As an aside, the current Economist has an article titled "Mathematics: Let's talk about figures." It makes the basic point that numeracy is increasingly important as we move towards a knowledge economy, and the numbers of numerate people and people trained in the mathematically based professions are increasingly important indicators of technological and innovation capacity.
Unfortunately. the article tends to lump all the quantitative field under the term "arithmetic". It is important that people understand arithmetic, and can add and subtract, multiply and divide in their everyday life. It is perhaps less important now, with calculators and computers that people know how to calculate manually than it once was.
However, there are also fundamental requirements that people have skills in algebra, geometry, trigonometry, calculus, statistics, and numerical analysis. There are different requirements for literacy in each of these fields for the citizen in his various roles, as well as in the different professions.
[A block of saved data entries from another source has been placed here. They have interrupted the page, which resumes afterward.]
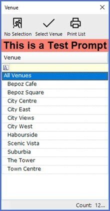 - The options configured in the above images will prompt the Operator to select a Venue prior to the Report being run
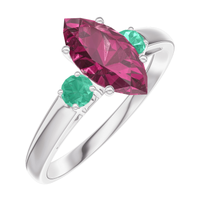 « L'ATELIER » NR. 165984Inel Aur alb 9 carate - Rubin Marquise 0.7 carate - Pietre laterale Smarald
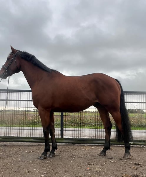 This 6-year-old Hannoverian gelding impresses with three excellent basic gaits, outstanding jumping ability, and exceptional rideability. Highly motivated with the necessary go, yet always well-behaved and sensitive to ride. Suitable for young girls who want to grow together with him in competition or leisure riding. Healthy, no vices, very people-oriented. Regularly dewormed, vaccinated, and trimmed by the farrier. Familiar with both open stable and box stall. Currently in professional training, he has already achieved some early successes in his first competition season after just a few starts.
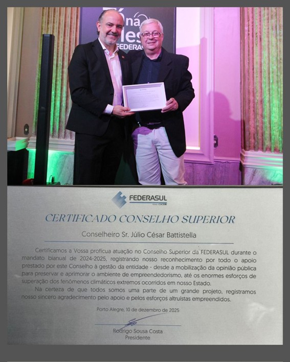 Entre os agraciados estava o empresário castilhense Júlio Cesar Batistella, membro do conselho superior que recebeu a homenagem por sua dedicação e contribuição aos desafios enfrentados pelo empresariado gaúcho no mandato 2024/2025. O encontro celebrou as vitórias e as lutas da entidade, como a mobilização contra aumentos de impostos e a superação dos impactos dos eventos climáticos no estado, entre muitos outros.
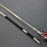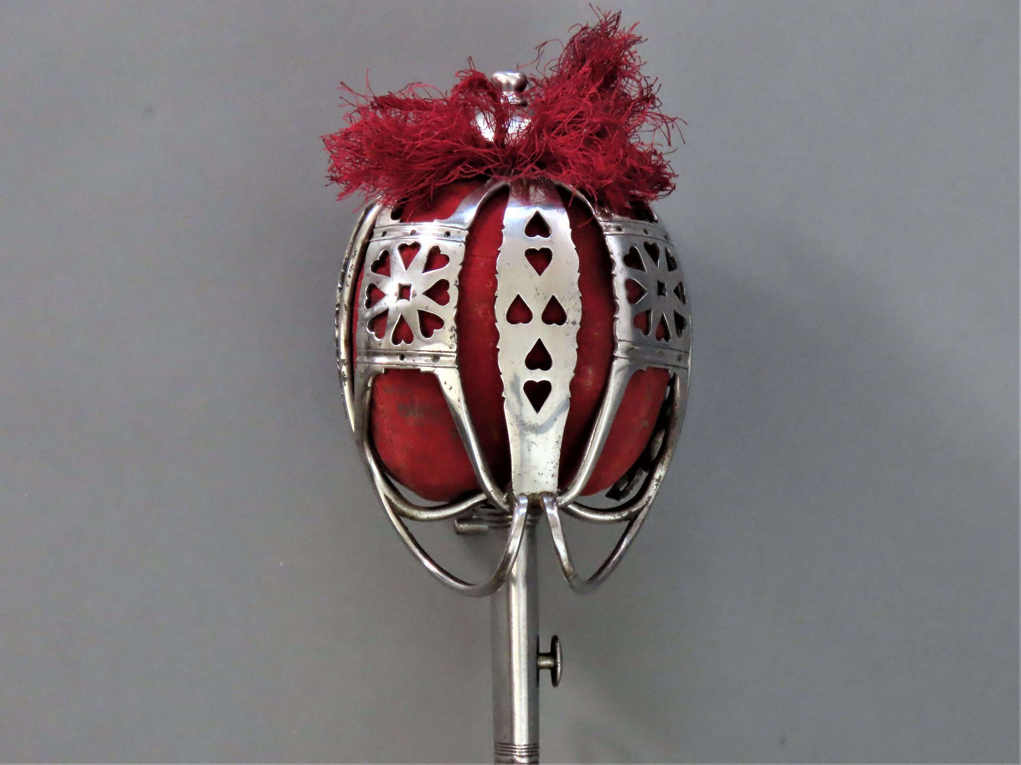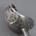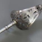 The steel hilt is mounted with a scrolled wrist guard and typically pierced with foliate designs and engraved with leaf-like scrolls. The pommel is domed and cut with radiating flutes. The wooden grip is covered with black shagreen, and bound with silver wire.
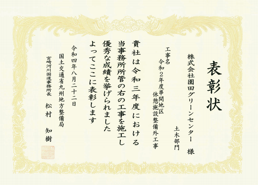 | 令和2年 | 国交省 令和2年度 宮崎管内交通安全施設整備工事 国交省 串間地区休憩施設整備外工事 北諸農林 (担手支援)高才第1地区 4工区 都城市 金御岳公園線道路災害復旧工事 |
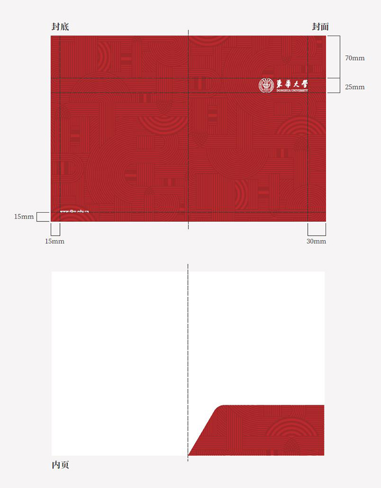東華大學(xué)視覺形象識別規(guī)范包含基礎(chǔ)系統(tǒng)和應(yīng)用系統(tǒng)2個部分。基礎(chǔ)部分包括“校徽規(guī)范及組合形式”和“視覺識別系統(tǒng)規(guī)范”,規(guī)定了校徽、校訓(xùn)的規(guī)范使用和禁止使用模式,以及標(biāo)準(zhǔn)色、輔助圖形、專用字體等的規(guī)范使用方式。應(yīng)用部分明確了學(xué)校的基本元素在行政辦公系統(tǒng)、多媒體系統(tǒng)、印刷出版物宣傳系統(tǒng)、人力資源系統(tǒng)、會務(wù)系統(tǒng)以及附屬品系統(tǒng)中的應(yīng)用規(guī)范,根據(jù)輔助圖形在實(shí)際情況中所遇到的不同載體,規(guī)范制定其在傳播載體中的位置與比例關(guān)系,便于統(tǒng)一學(xué)校視覺形象,確保在應(yīng)用基本元素時能體現(xiàn)最佳效果。
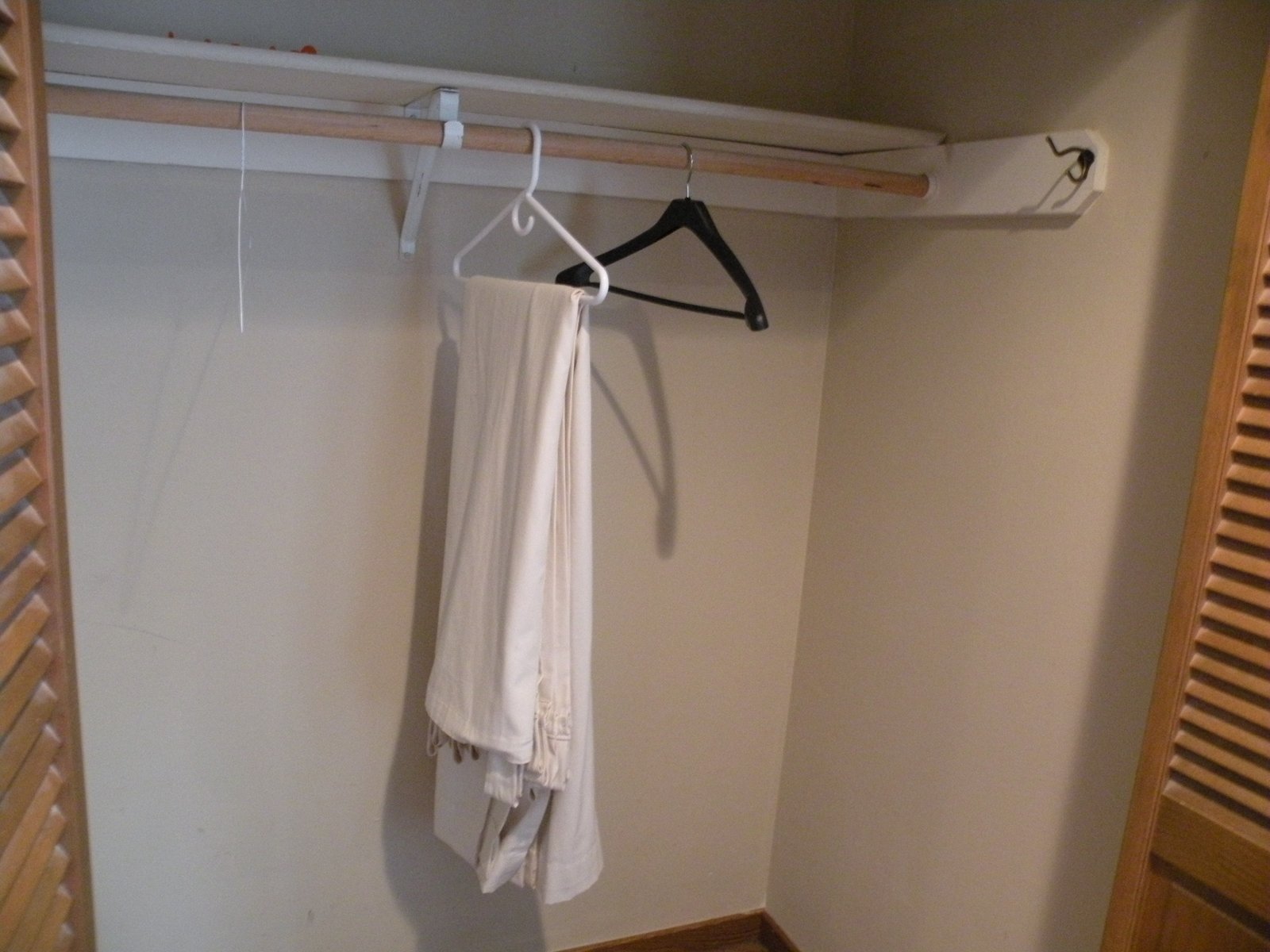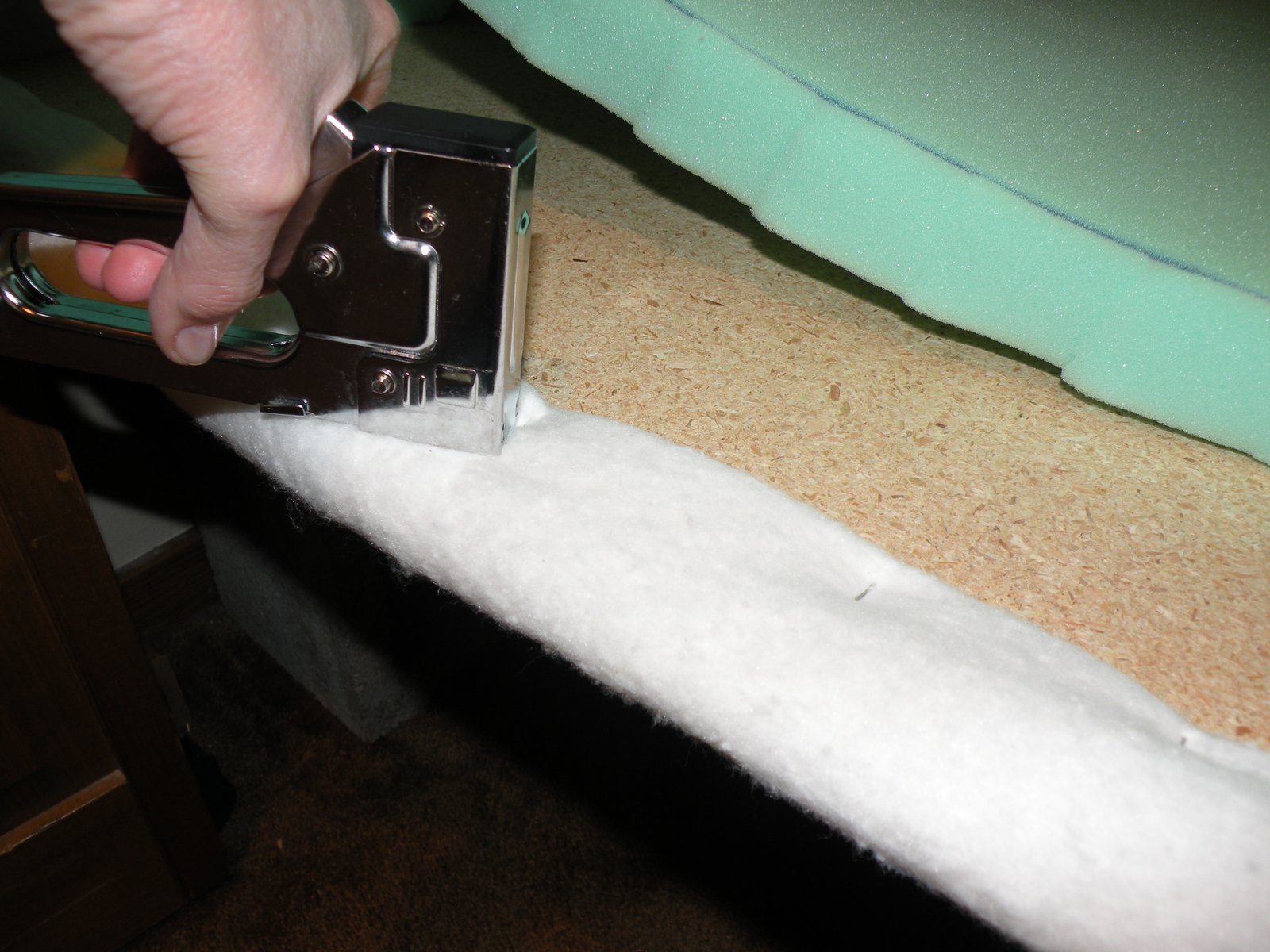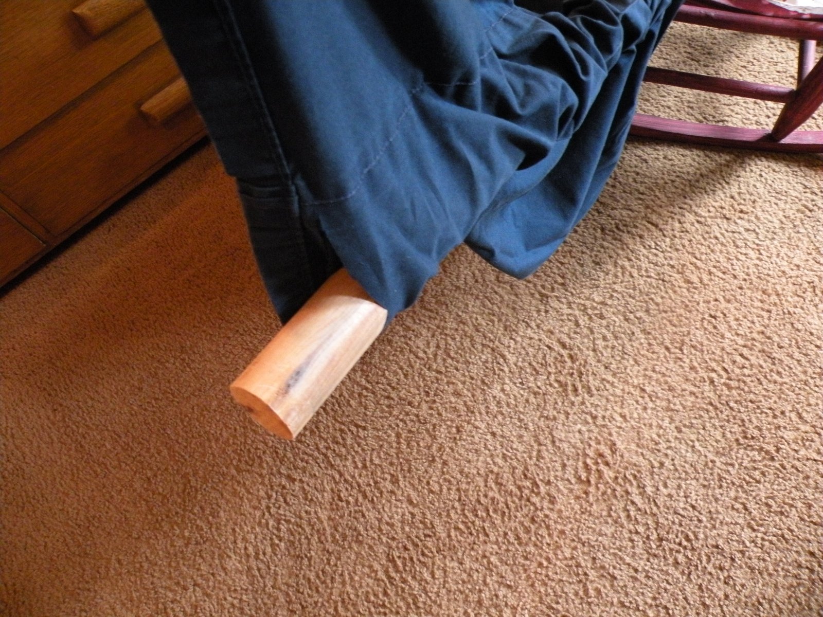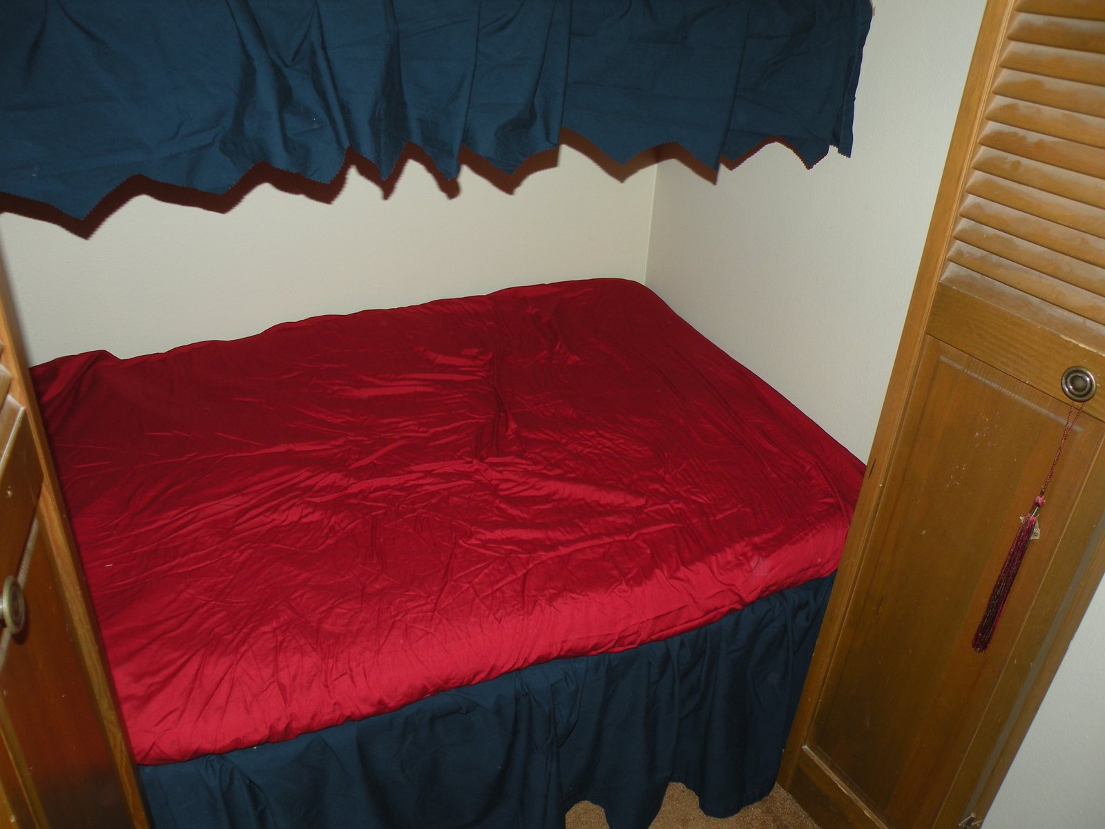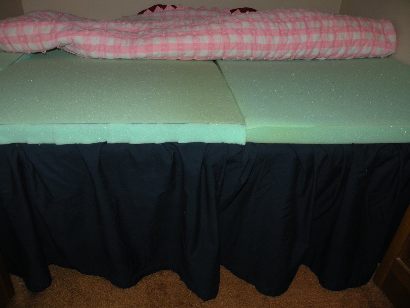 Using a staple gun I attached some batting to the edge of the plywood so Max wouldn't bump his knees. I took an old sheet and cut off a piece from the bottom half to make a "dust-ruffle" to hide the cinder blocks. The bed is high enough up off the floor so Max can keep his suitcase underneath. Then foam was put on top for the mattress. I only bought 3-inch foam because foam is stinkin' expensive! I needed 2 1/2 yards and even with a 50% off coupon (at Jo-Ann's) the foam was $41.00! (The 5-inch foam is $75 a yard!! But Max's little 32-lb. body will rest very comfortably on 3-inch foam!) Just to be sure it was soft enough, I added two extra thick quilts on top and then covered the entire "mattress" with a sheet. (The plywood and foam measures 57-inches by 37-inches - not exactly mattress size.) The next step was to create an "awning" - totally unnecessary but as you know, I excel at unnecessary. I used the top half of the sheet, threaded it onto the closet clothes rod and put the rod back into place.
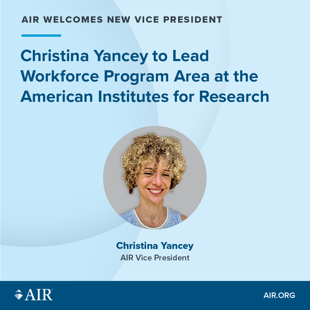 “Christina brings a wealth of experience and knowledge to AIR and its mission-driven commitment to improve workforce readiness and opportunities in the U.S. and internationally,” said Jessica Heppen, Senior Vice President for AIR’s Human Services Division. “She understands the critical need to connect research, policy, and practice and implement effective programs and policies in close collaboration with industry and communities.”
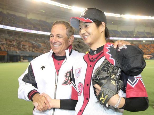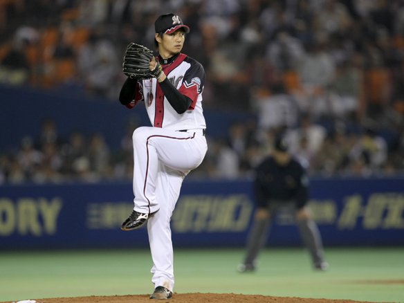 唐川、2死から走者を出しましたが、落ち着いて後続を断ちゲームセット。 チャンスを作りながらもあと1本が出ない展開が続く中、8回に今江の決勝タイムリーが飛び出し、決着を付けました!! 唐川は9回を121球、被安打5、奪三振10、無四球、1失点という申し分ない内容で、2試合連続の完投で4勝目、そして嬉しい交流戦初勝利!チームも、幸先良く交流戦の初戦をモノにしました!!  |

The Economist also has an article titled "The science of religion: Where angels no longer fear to tread" about the scientists who are seeking to understand the neurophysiology of religious experience and the ways in which religion may be the basis of competitive advantage in the evolutionary process of natural selection.
It seems to me that, in analogy to the McColloch questions, we may ask, "What is man that he may be relgious, what is religion that a society may value it?" Has religious capacity in man evolved simply as a side effect of other capabilities that provide evolutionary advantage (e.g. language capacity) or has it evolved because of the advantages conferred by religious practice itself? How are the evolution of our species as a social species related to our evolution as individuals capable of religious experience?
Obviously, while religious practice seems to be all but universal in human societies, the specific nature of that practice is culturally specific. It is clear that the Europeans tend to be Christians, Arabs tend to be Muslims, Hindus tend to be Indian, etc. Thus different cultures have developed different religions, all responding to the same or similar collections of religious capabilities in their members.
It seems likely that over tens of thousands of years, man's religious capacity and societies religious institutions may have co-evolved. How does that happen?